In a world where cyberattacks and system outages can strike with little warning, ensuring regulatory compliance has transformed from a mere checkbox exercise into a crucial lifeline for businesses – especially in the high-stakes financial sector. Our recent webinar on the Digital Operational Resilience Act (DORA) and the UK Operational Resilience Act, hosted by Teresa Cameron, Group Chief Financial Officer, revealed some startling insights into the industry’s preparedness.
A poll conducted during the webinar showed that nearly half (48.72%) of financial institutions were not fully prepared for DORA when it came into force on 17th January 2025. Even more concerning, 86% of financial institutions are still not fully compliant with DORA regulations, with only 1 in 20 financial firms (5.38%) fully confident in their DORA compliance.
1. If you haven’t started on DORA yet (or are lagging behind), what are the smartest first steps to take now?
Teresa: Great question! If you find yourself behind on DORA, there are three urgent steps to take. First, establish your DORA policy. This will help you internally map out the regulation and understand how it impacts your business. Second, conduct a gap analysis comparing requirements against your current status. Finally, create an action plan that outlines how you’ll address any gaps, setting realistic timelines and assigning business owners. This approach demonstrates to regulators that you understand the requirements and are actively working towards compliance.
2. With only 14% of firms believing they’re compliant, what’s holding the industry back?
Teresa: DORA is all about preparing for the “what-ifs,” which growing businesses often overlook when things are going well. It’s natural for organisations to prioritise growth and innovation during prosperous times, but having a solid plan for when things go wrong can be the difference between survival and failure.
Additionally, the post-COVID world and ongoing global instability has brought a string of regulations for financial institutions.
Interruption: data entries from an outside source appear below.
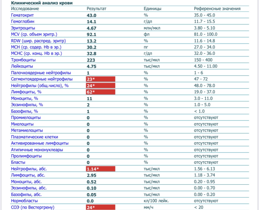 Лейкоформула сдвинута чисто за счёт нейтрофилов. При этом СОЕ завышен. Где-то есть воспалительный процесс, вероятно бактериальный.
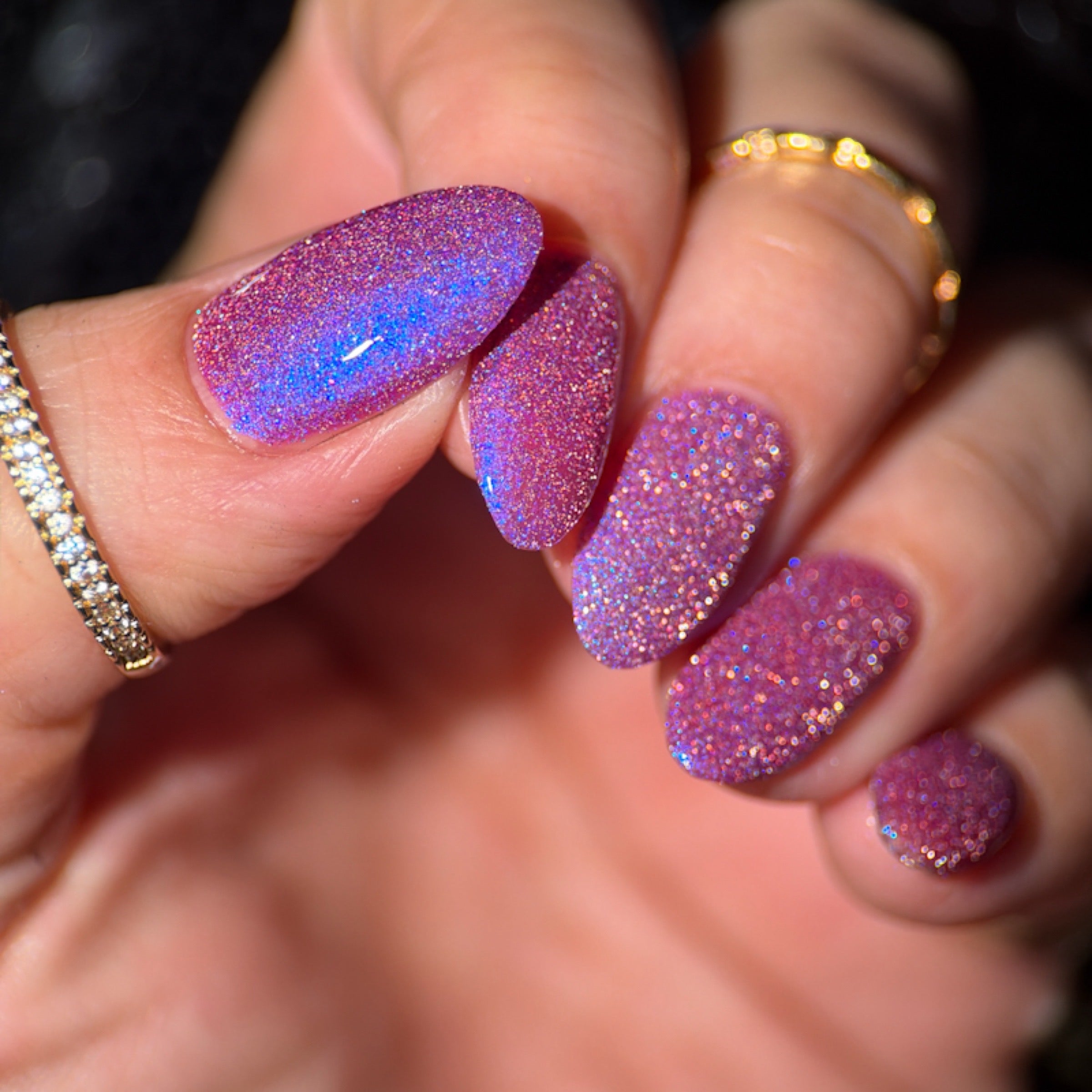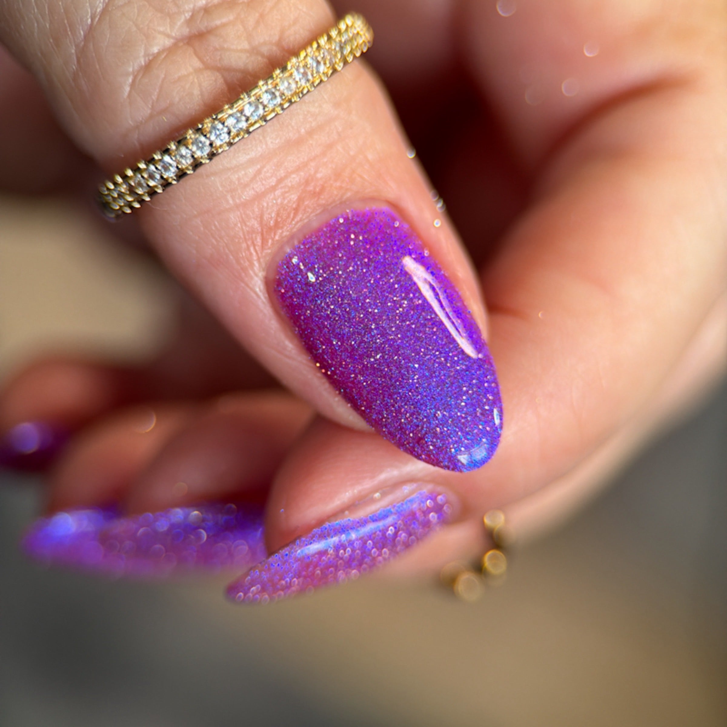 'Suzie, Do You Copy?' is a pink-purple nail polish with blue aurora shimmer and silver reflective.
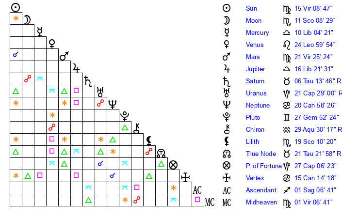 | Sun | 15 Virgo 9 | 16 Virgo 18 | 10 Capricorn 11 |
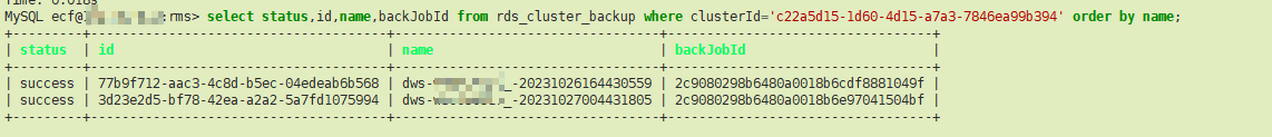 select status,id,name,backJobId from rds_cluster_backup where clusterId='c22a5d15-1d60-4d15-a7a3-7846ea99b394' order by name;
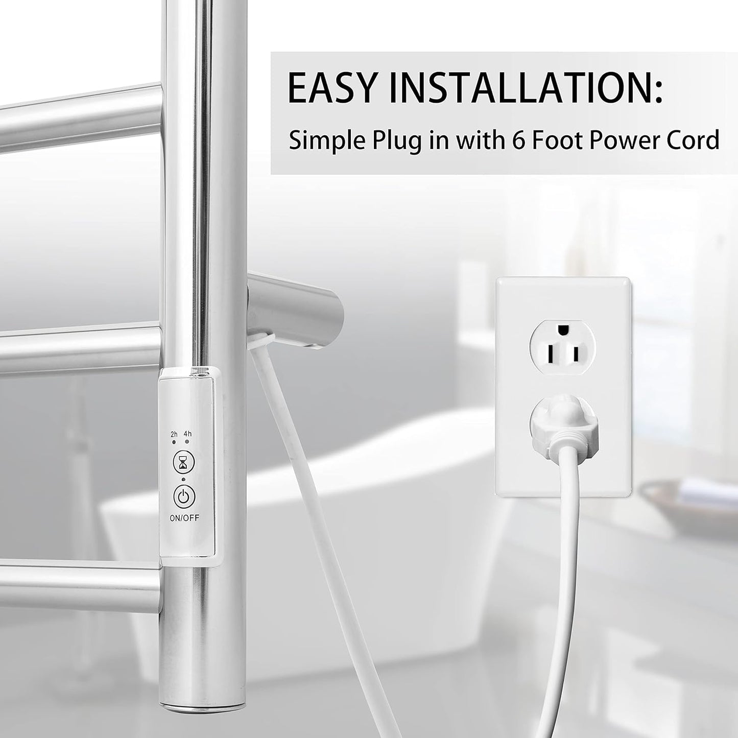 - Premium Quality with Elegant Look: The bath towel warmer is made of durable 304 stainless steel, easy to clean and durable use. IP56 Waterproof standard and wall-mounted design maximizes your floor space.
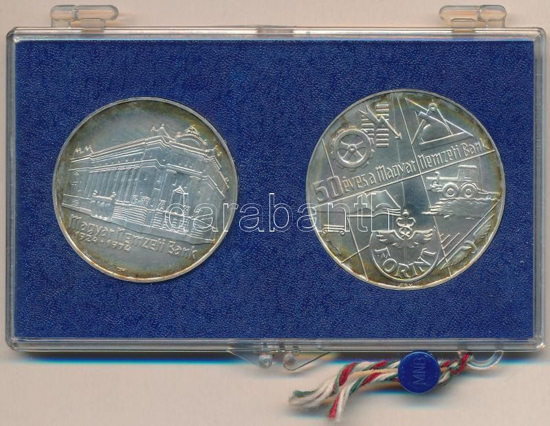 Beschreibung: 1974. 50Ft Ag + 100Ft Ag "MNB" pár, eredeti, plombált MNB plasztiktokban T:BU patina Adamo EM44, EM45
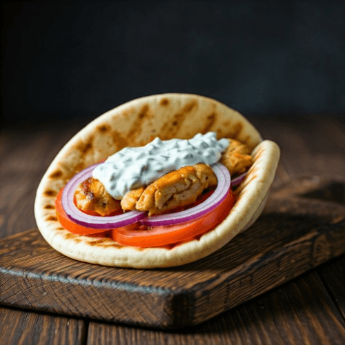 Comes with sliced tomatoes, onions, and homemade white sauce *This item contains Allergens
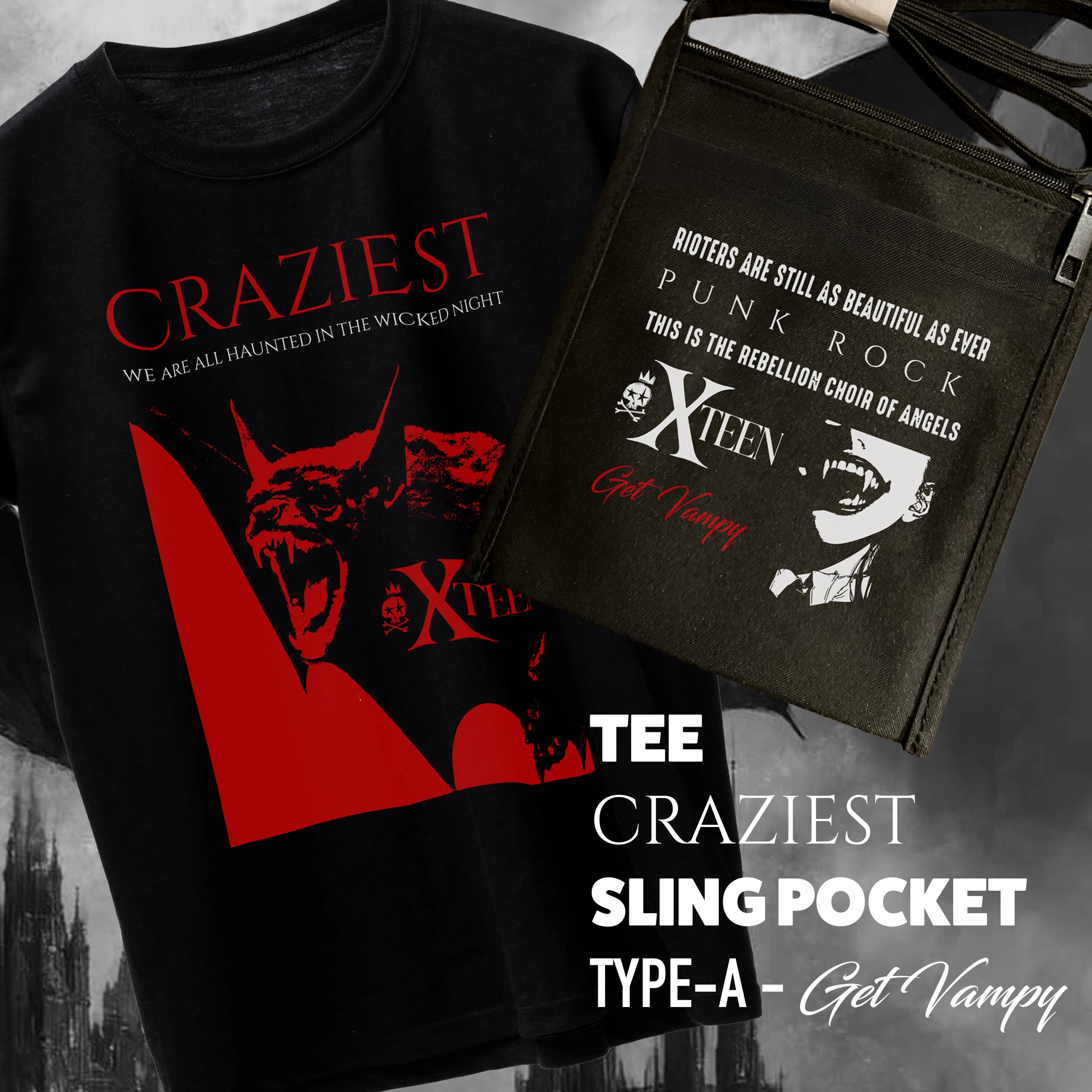TEE「CRAZIEST」+スリングポケットTYPE-A「GET VAMPY」のセット販売になります。
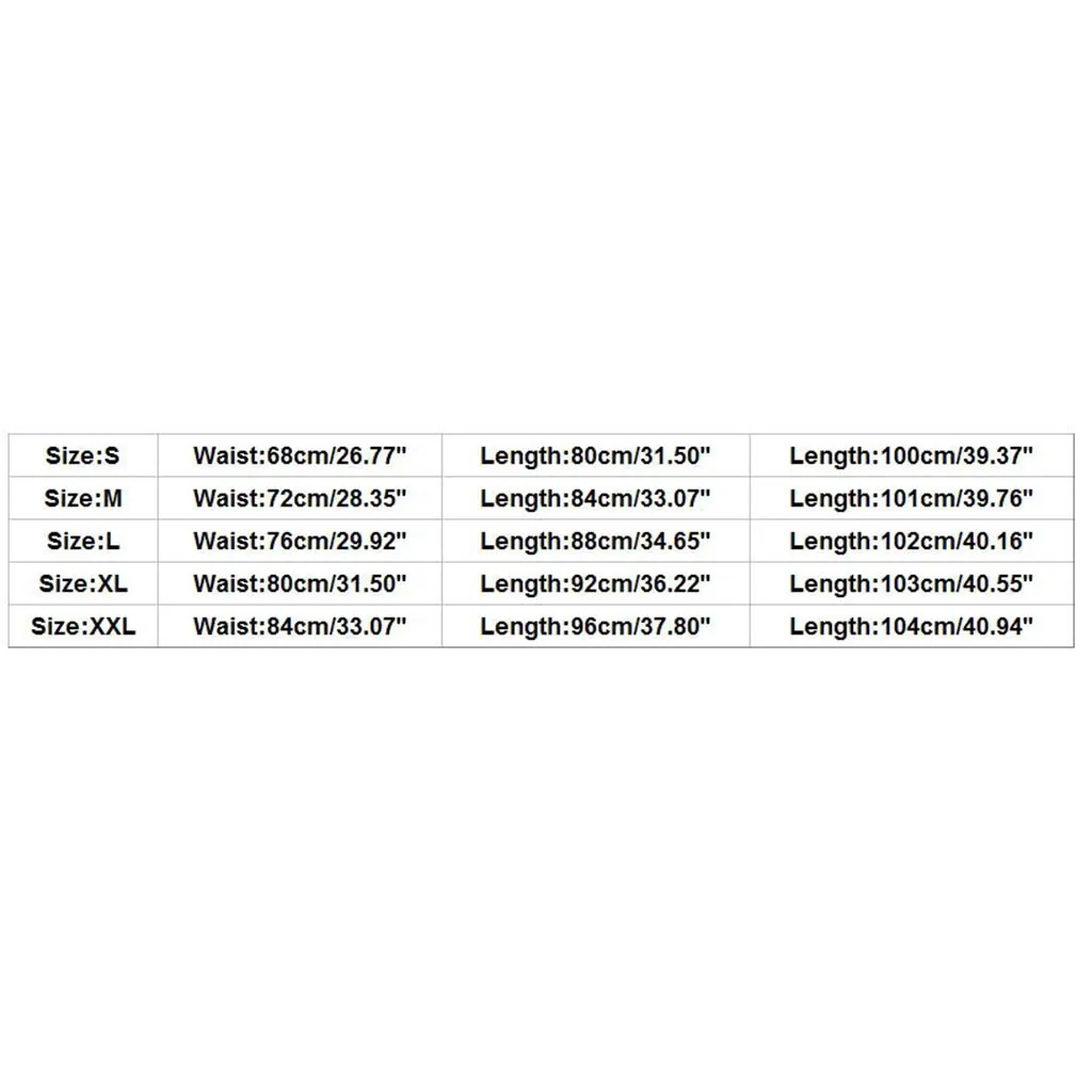 Размер: S обхват талии: 68 см/26,77 дюйма обхват бедер: 80 см/31,50 дюйма Длина: 100 см/39,37 дюйма Размер: M обхват талии: 72 см/28,35 дюйма обхват бедер: 84 см/33,07 дюйма Длина: 101 см/39,76 дюйма Размер: L обхват талии: 76 см/29,92 дюйма обхват бедер: 88 см/34,65 дюйма Длина: 102 см/40,16 дюйма Размер: XL обхват талии: 80 см/31,50 дюйма обхват бедер: 92 см/36,22 дюйма длина: 103 см/40,55 дюйма Размер: XXL обхват талии: 84 см/33,07 дюйма обхват бедер: 96 см/37,80 дюйма Длина: 104 см/40,94 дюйма

For global SMEs like Clear Junction, balancing limited resources between regulatory compliance and business operations can be challenging. We’ve had to slow our growth pace to prioritise compliance, but it’s a decision we’ll always make for long-term success.
3. Managing third-party vendors is proving to be the toughest challenge, with 54% of financial institutions identifying this as their prime concern. Why, and how can this be better handled?
Teresa: Financial institutions can do everything right in their quest for DORA compliance, but if their third-party vendors aren’t compliant as well, they could still face significant risks. This creates a major blind spot that many organisations are struggling with. Many firms report a lack of transparency from their vendors, making it difficult to verify compliance status.
Unfortunately, there’s no easy fix – existing vendor agreements need review and potential renegotiation to ensure appropriate Service Level Agreements (SLAs) and information sharing. When entering new contracts, businesses should ensure they meet DORA requirements from the outset. Sometimes tough decisions may need to be made regarding non-compliant providers or reducing reliance on third parties altogether for better control and insight. For many businesses, managing these arrangements can quickly become a full-time role.
4. If you think you’re compliant, how are you ensuring you stay that way as expectations evolve?
Teresa: Achieving compliance is just the first step. I always recommend working with a specialist compliance advisor for a “health check” to ensure your internal compliance aligns with regulatory expectations. Regularly review internal procedures, especially after material changes to your business or third-party arrangements and run internal scenario exercises. If you’re currently excluded from certain regulations (e.g., as a micro-enterprise), make sure you’re aware of any triggers that could necessitate compliance in the future so you can plan accordingly.
5. How can firms turn regulatory compliance into a driver of innovation rather than just a cost burden?
Teresa: At Clear Junction, we view risk management and compliance as integral parts of our business model – not just as hurdles to overcome. We actively collaborate with other regulated financial institutions and share guidance on existing and emerging regulations with our clients. Our clients rely on us not only for our payment solutions but also for our strong reputation in regulatory compliance. They know we’re a secure partner invested in their long-term success.
6. Is DORA / UK Operational Resilience actually enough to future-proof financial services against cyberattacks?
Teresa: These regulations provide a solid foundation for businesses to plan for cyberattacks. But effective implementation requires all areas of the business to work together within a Business Wide Risk Management framework. The human element is crucial, so employee training is key. Additionally, staying informed about evolving attack methods – like those enhanced by AI – is essential. Businesses must engage with industry peers and continuously adapt their strategies to remain resilient.
Teresa’s final takeaway
Prioritising operational resilience isn’t just about meeting compliance requirements – it’s about fostering a culture of preparedness and innovation that ultimately strengthens organisations against future challenges. With only 5.38% of institutions fully confident in their compliance status, there’s clearly significant work to be done across the industry.